Vicente Nieto, como Bernardo Alonso Villarejo, fue un artista escondido, un creador de imágenes discreto, que solo al final de su vida vio reconocido su talento. Ocho años después de su muerte «su obra vuela sola», decía esta semana la que fue presidenta del Instituto de Estudios Bercianos, Mar Palacio —de las primeras personas en apreciar la calidad de lo que hacía aquel nonagenario junto al fotógrafo Marcos López— y tres de sus imágenes forman parte de la muestra que celebra el centenario de Berlanga; el cineasta de Bienvenido Míster Marshall y La vaquilla.

Pocos tiros disparó en la guerra Vicente Nieto. Tipógrafo de profesión emigrado a Madrid en su adolescencia, pasó el conflicto convertido en taquígrafo de la Columna Mangada y de la 32ª Brigada Mixta y las imágenes que tomó son escenas de retaguardia, juegos de guerra. Pero hay dos momentos de su vida y un objeto que definen su enorme humanidad.

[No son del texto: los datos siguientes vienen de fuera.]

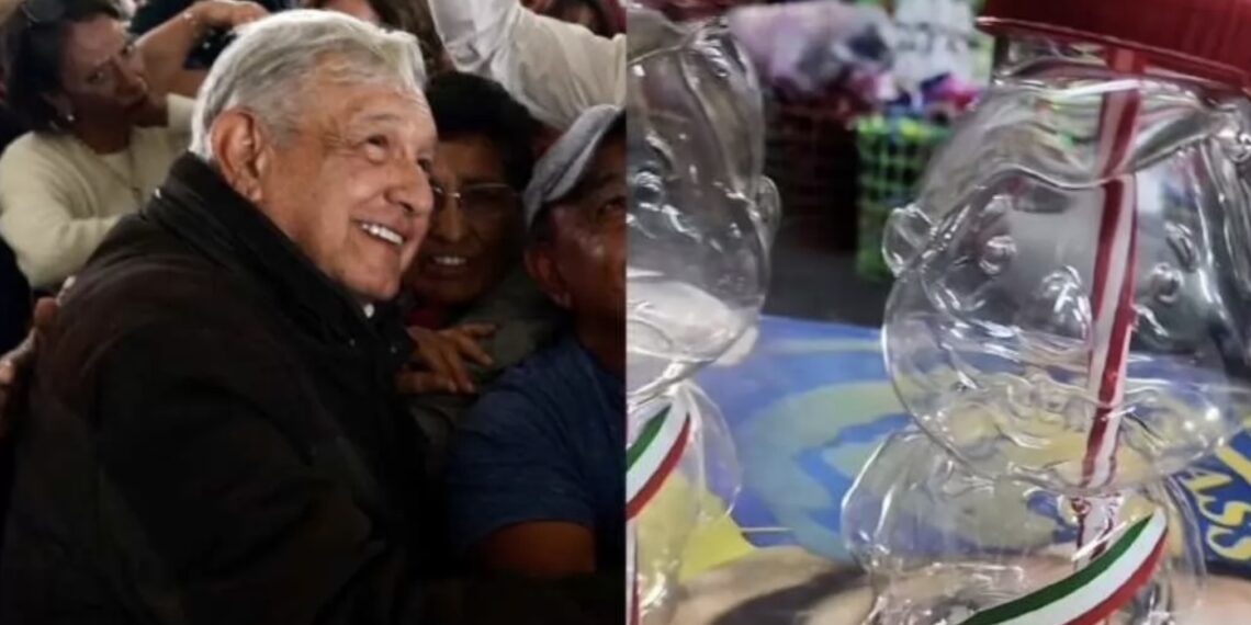 Sí, así como lo lees, este “novedoso” producto es una botella con la figura del “Amlito”, o sea de la imagen caricaturizada de López Obrador, acompañada de una mini cinta presidencial.
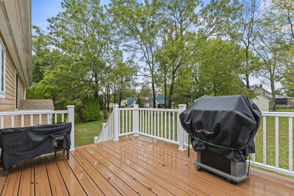 Tucked away on a quiet cul-de-sac, this spacious 4-bedroom, 3-bath home offers a flexible floor plan perfect for today’s lifestyle. The main level welcomes you with soaring cathedral ceilings, a fireplace, and an open layout that seamlessly connects the living, dining, and kitchen areas. The kitchen features a center island, gas cooking, and direct access to the deck for easy indoor-outdoor living. The primary suite includes a private bath, while two additional bedrooms share a full bath with soaking tub. The finished walk-out lower level expands your options with a fourth bedroom, full bath, and versatile living space complete with kitchenette—ideal for guests or extended family. Outside, enjoy a composite deck, porch, sprinkler system, and storage shed, all set on an oversized lot with mature landscaping. Central air, a 2-car garage, and convenient access to highways, schools, and local amenities make this home an excellent opportunity.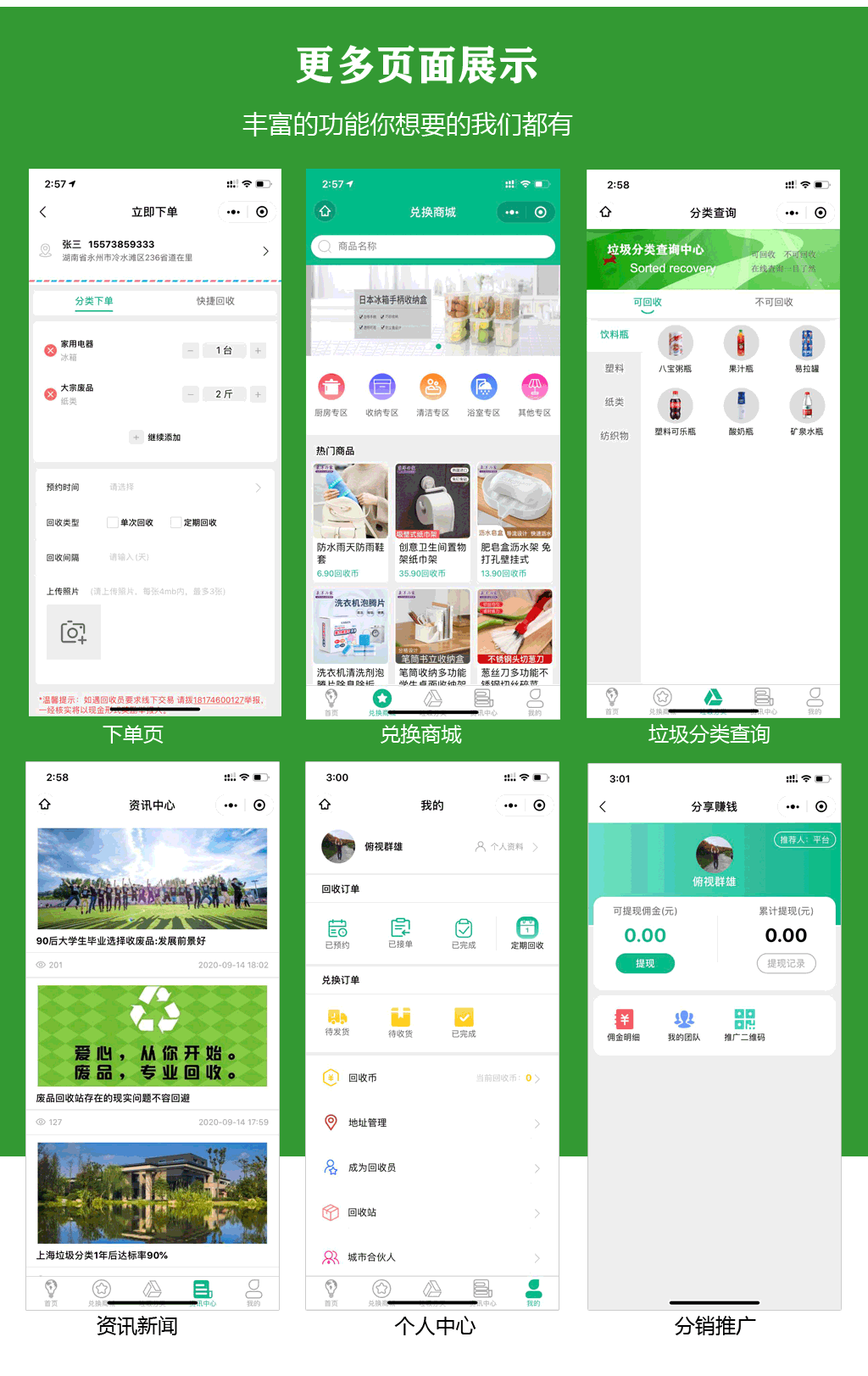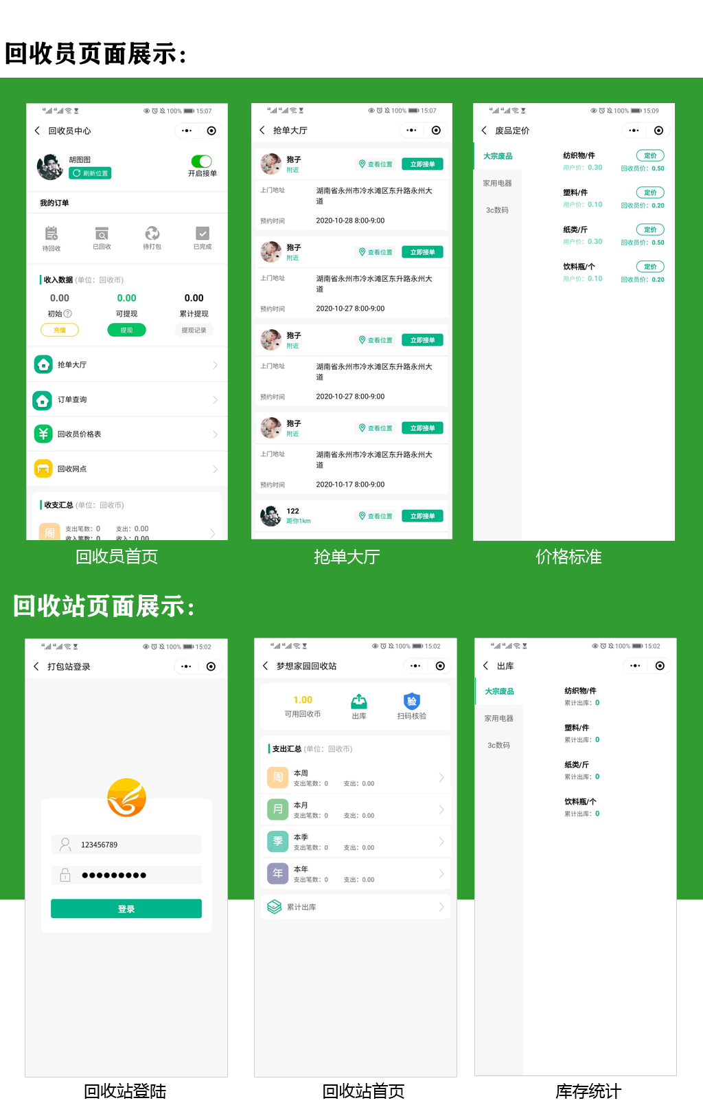 1、線上上門回收:不需要硬件設備,不需要建立投遞流程,全部上門回收,不需要環保回收袋,只是每次上門回收的時候,用戶掃碼綁定下訂單,回收后的數據由后臺進行錄入上傳,再反饋到用戶端數據展示及其他操作。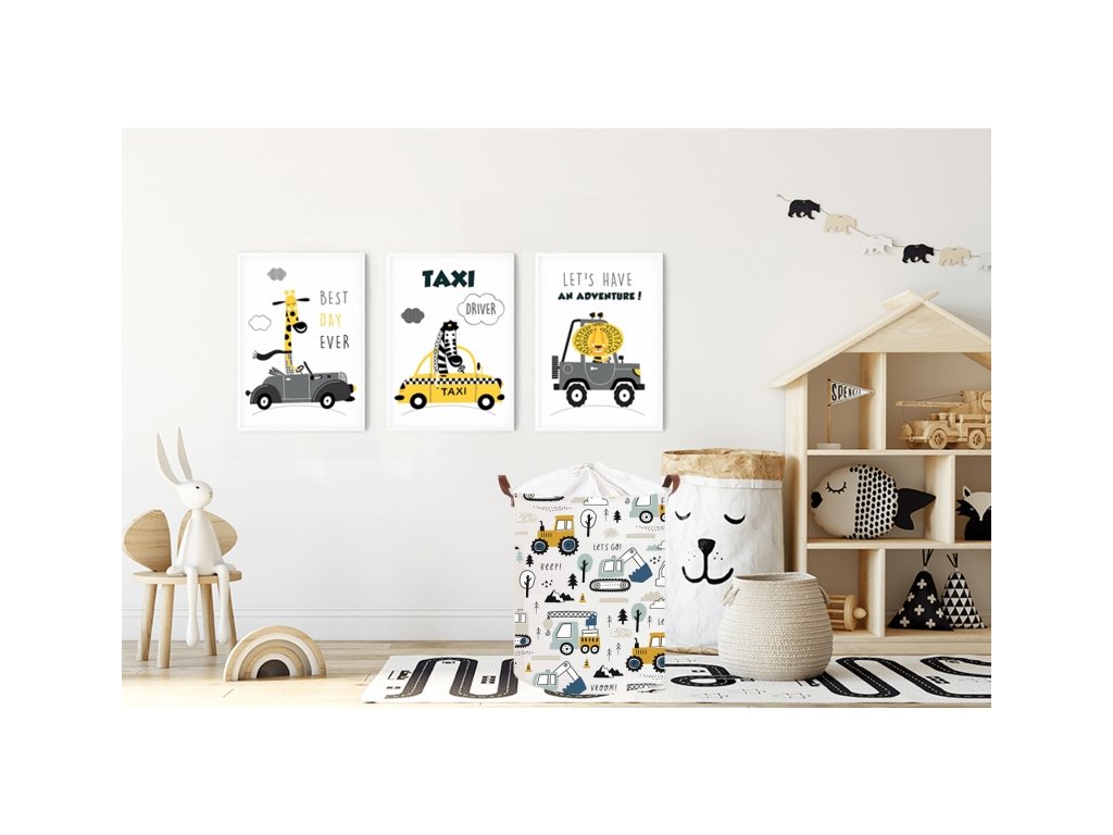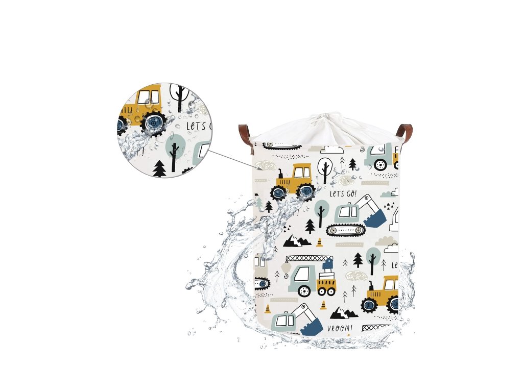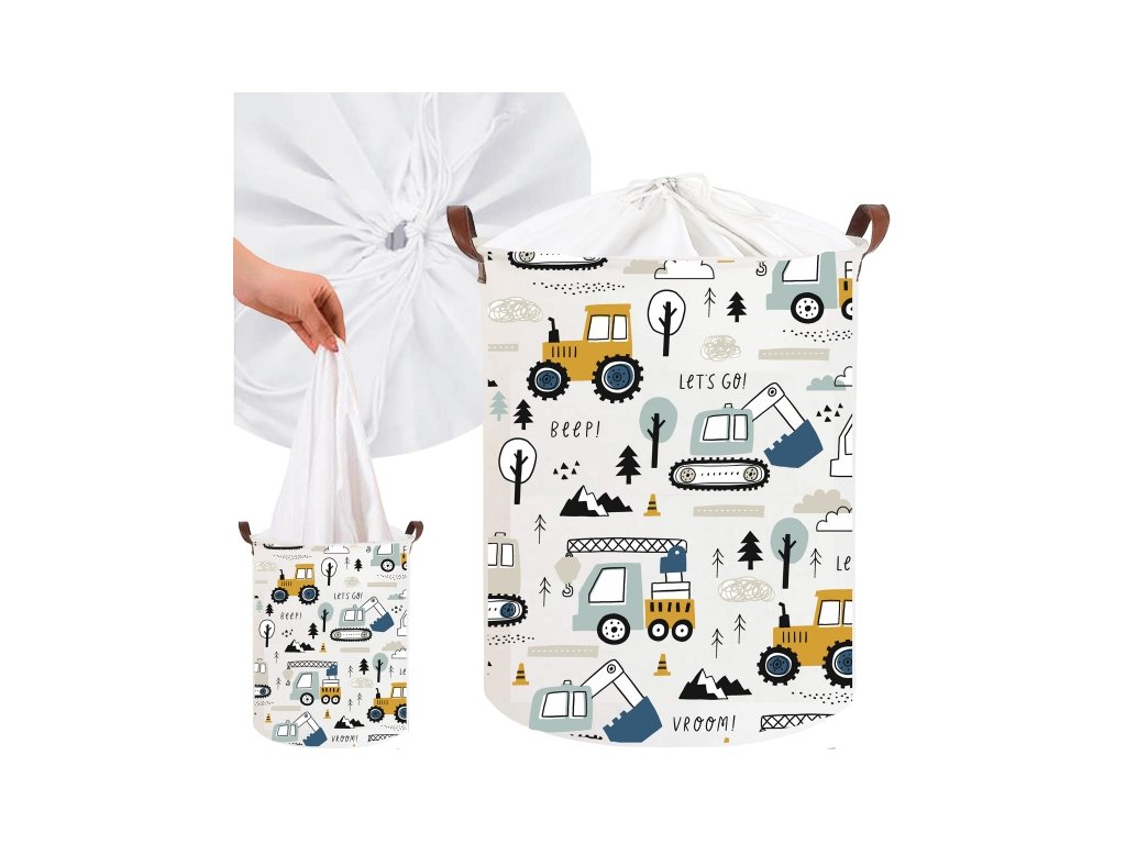 Koš na hračky, uzavíratelný, bavlna, Mini Trucks - bílý, 43 L

En Ponferrada, donde su familia tenía un estanco con el combativo nombre de La Lucha, de niño revelaba al sol sobre papel sensible fotogramas que compraba por unos céntimos. Pero las imágenes de las estrellas del cine, menuda metáfora, se desvanecían a la luz enseguida porque no les aplicaba fijador.

De Vicente Nieto también hablan las imágenes que no fotografió. Durante la guerra, después de la batalla de Belchite, entró en una iglesia y descubrió lo que parecía ser una montaña de cadáveres. No se detuvo a comprobarlo. «No sabía si eran personas muertas o santos», contaba en el documental.

Y un objeto, sobre todo, le retrata a la perfección. Es un reloj de pulsera de su esposa, María Huerga, colocado bajo su retrato el día en que falleció. María estaba enferma de Alzehimer, ya no conservaba bien los recuerdos, y Vicente, el niño al que se le desvanecían los fotogramas porque no les echaba fijador, detuvo las manecillas del reloj justo en el momento de su muerte.